Envelope syntheses of cylindrical vector-waves in 2-D random elastic media based on the Markov approximation
© The Society of Geomagnetism and Earth, Planetary and Space Sciences (SGEPSS); The Seismological Society of Japan; The Volcanological Society of Japan; The Geodetic Society of Japan; The Japanese Society for Planetary Sciences. 2007
Received: 11 May 2006
Accepted: 4 December 2006
Published: 7 May 2007
Seismograms of microearthquakes are complex; however, their envelopes broaden as the travel distance increases. P-waves are recorded in transverse components, S-waves are recorded in the longitudinal component, and waves are observed at sites even in the nodal direction of the source radiation. These phenomena, which are typically found in short-period seismograms, can be interpreted to be the result of scattering due to lithospheric inhomogeneity. We report here our study of a simple statistical model in which the propagation of waves radiated from a point source in two-dimensional (2-D) random elastic media is characterized by a Gaussian autocorrelation function. For the case that the wavelength is shorter than the correlation distance, two methods based on the Markov approximation are introduced for the direct synthesis of vector wave envelopes.
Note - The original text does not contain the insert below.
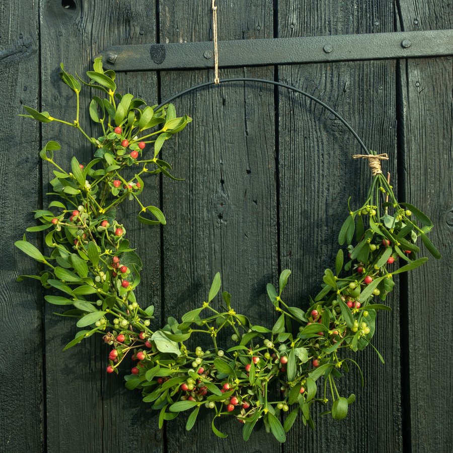 Aus Misteln habe ich diesen Kranz gebunden. Er schmückt jetzt die Türe des alten Backsteingebäudes.

One is to analytically solve the stochastic equation for the two-frequency mutual coherence function; the validity of the solution is confirmed by using finite difference simulations. The second is to numerically solve the stochastic equation for the mutual coherence function. The two methods are equivalent, but the latter is applicable to nonisotropic source radiation. For the case of a point shear dislocation source, a peak delay from the onset and a smoothly decaying tail are found to be common to synthesized envelopes in all azimuths. Scattered waves are excited even at receivers in the nodal direction, and amplitudes become independent of the radiation pattern as lapse time increases.